Direct questions to Stefano Iantorno ([email protected], si3@github)
This integrated pipeline aims to call CNVs from whole-exome sequencing (WES) data with three different read-depth based tools (CLAMMS, XHMM, CANOES) and is designed to consolidate commonalities while minimizing redundancy at each step of the workflow. The rationale behind integrating three different tools stems from the fact that each tool has specific strengths and weaknesses, and relies on different approaches to modeling read depth variation, GC, and sequence complexity. We provide a blueprint of a typical workflow that is customizable with minimal modification of shell scripts. More information on each tool is available from the respective websites.

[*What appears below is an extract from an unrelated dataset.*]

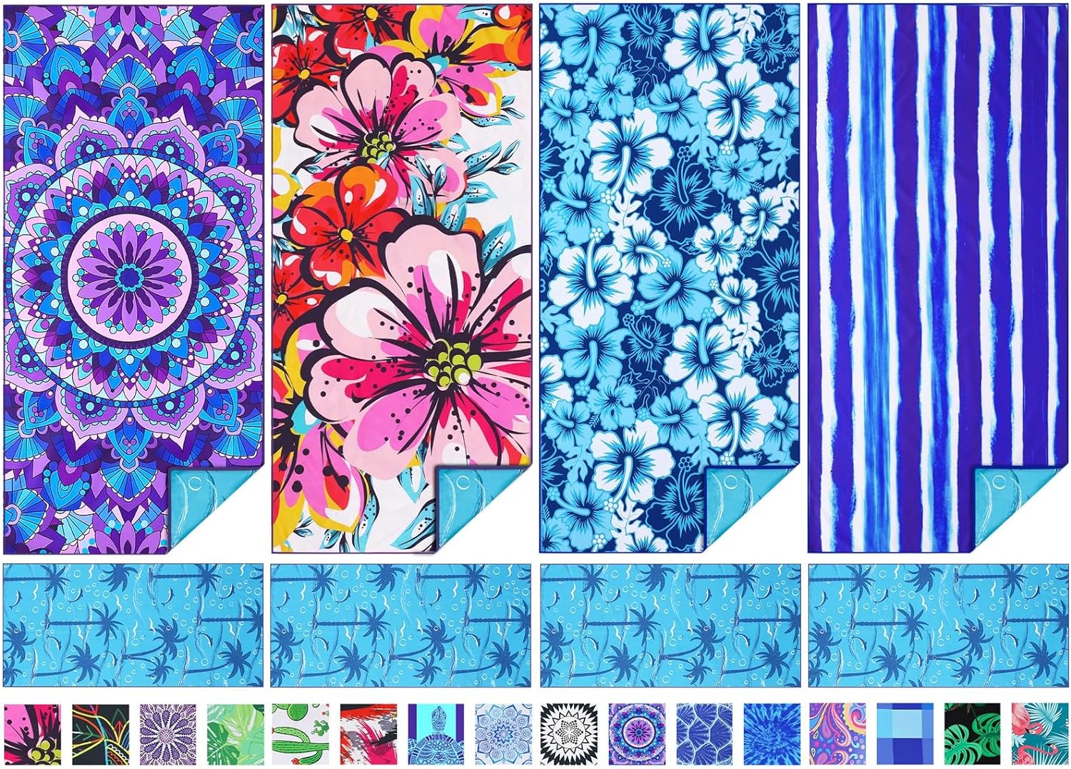 4 Pack Microfiber Thin Beach Towel Lightweight 71x32 Oversized Extra Large Sand Free Towels Quick Dry for Travel Pool Yoga Gym Sports Beach Accessories Vacation Essential Gift
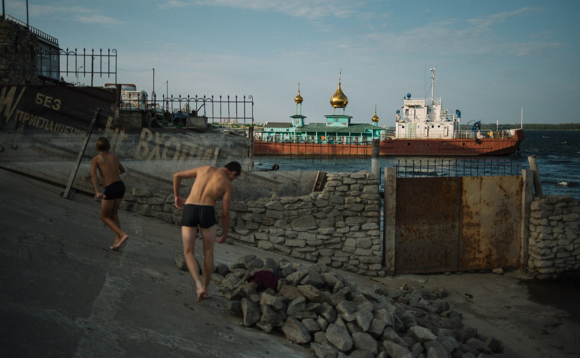 Волгоград, жара под сорок градусов, набережная. У воды расхаживают загорелые пляжники, с небольшого мола прыгает в Волгу компания ребят. Эти речные дети прыгают «щучкой», а не «рыбкой», как это принято на море. За молом пришвартован храм «Святой Владимир». Он стоит на закрытой территории яхт-клуба, и мальчишкам остается только вздыхать и обсуждать, как было бы здорово «щучкой» с храма.

To install, type the following while in your destination path:
git clone [email protected]:si3/shenlab-cnvs.git
Then rename the directory to a specific project name:
mv shenlab-cnvs <name of project>
This can be done to start a new project. The pipeline is designed to run on SGE HPC (biocluster). It uses a combination of GNU parallel and qsub to parallelize processes, and therefore needs to be started on a head node. The pipeline requires GNU parallel, XHMM, CLAMMS, mosdepth, and bedtools to be installed and in path. For some of the preparatory and analysis steps, PICARD and PLINK/PSEQ are also required. These are not part of the pipeline but they are only needed to create the windows file from the capture kit regions. The Run_ref_prepper.sh
script performs these preparatory steps, but they can also be run manually. Please refer to individual scripts for requirements of each step.
The general directory structure is as follows:
-
/PROJ_DIR
- Run_pipeline_initiator.sh
- Run_RD_calculator.sh
- Run_RD_calculator_2.sh
- Run_RD_reformatters.sh
- cnv.exome.lib.sh
- cnv.exome.references.sh
-
/COV_DIR
- Run_bedtools_to_CANOES.sh
- Run_mosdepth_to_XHMM.sh
- Run_CLAMMS_normalizer.sh
- Run_CLAMMS_model_fitter.sh
-
/CANOES_OUT
- Run_CANOES.sh
-
/CLAMMS_OUT
- Run_CLAMMS.sh
-
/XHMM_OUT
- Run_XHMM.sh
- Run_XHMM_reformatter.sh
The file cnv.exome.references.sh contains all the variables called by the different scripts. Two more directories, /RES_DIR and /SAMPLE_INFO_DIR, need to be created by user in /PROJ_DIR, and the reference shell script cnv.exome.references.sh
needs to be updated with the correct path for various reference files to be loaded correctly in the pipeline. The file cnv.exome.lib.sh
contains functions used by several steps of the pipeline.
The workflow is organized in ordered steps to ensure that the results are internally consistent and that calls can be compared across methods. The pipeline relies on a windows.bed file as the interval file used to estimate read depth in exon capture regions. These “windows” will be based on the capture kit intervals used for each batch of samples, but won’t have the same coordinates. Specifically, large exons will be broken down into ~500bp segments. Please refer to CLAMMS github page for more information. The initial steps of the XHMM workflow are modified to eliminate unnecessary extra steps. The pipeline uses the windows.bed file instead of a interval_list file as input. The pipeline uses the KNN option to build models for CNV detection in the CLAMMS algorithm. Please ensure that these unsorted files (e.g. 50nns files named in "sampleID.50nns.txt" format) have been generated and are in the appropriate directory in /CLAMMS_OUT.
First you need to configure each reference shell script with the path to the correct interval files, samples, and sample information files, as well as any other parameters specific to CLAMMS and XHMM workflow for your pipeline run. For each batch of bam files with the same intervals (i.e. generated with same capture kit) you can run the following using the same reference shell script. Multiple cnv.exome.references.sh
can be created if you plan on running multiple pipelines at the same time for different batches of samples.
bash Run_pipeline_initiator.sh -i path/to/bam_list -r path/to/cnv.exome.references.sh -P
The -P flag will call all subsequent steps of the pipeline. If you would like to do each step manually, omit the -P flag and follow the instructions below. Briefly, the flow is structured as follows:
- Run_pipeline_initiator.sh -> calls Run_RD_calculator.sh and Run_RD_calculator_2.sh
- Run_RD_reformatter.sh -> calls Run_bedtools_to_CANOES.sh and Run_mosdepth_to_XHMM.sh
- Run_CLAMMS.sh -> calls Run_CLAMMS_normalizer.sh and Run_CLAMMS_model_fitter.sh
- Run_XHMM.sh -> calls CLAMMS specific scripts
- Run_CANOES.sh -> calls CANOES.R
At any point, you can type the following to get more information on each script:
bash <script> -H
The relevant usage information will be printed to screen. NOTE: the CANOES workflow is still pending.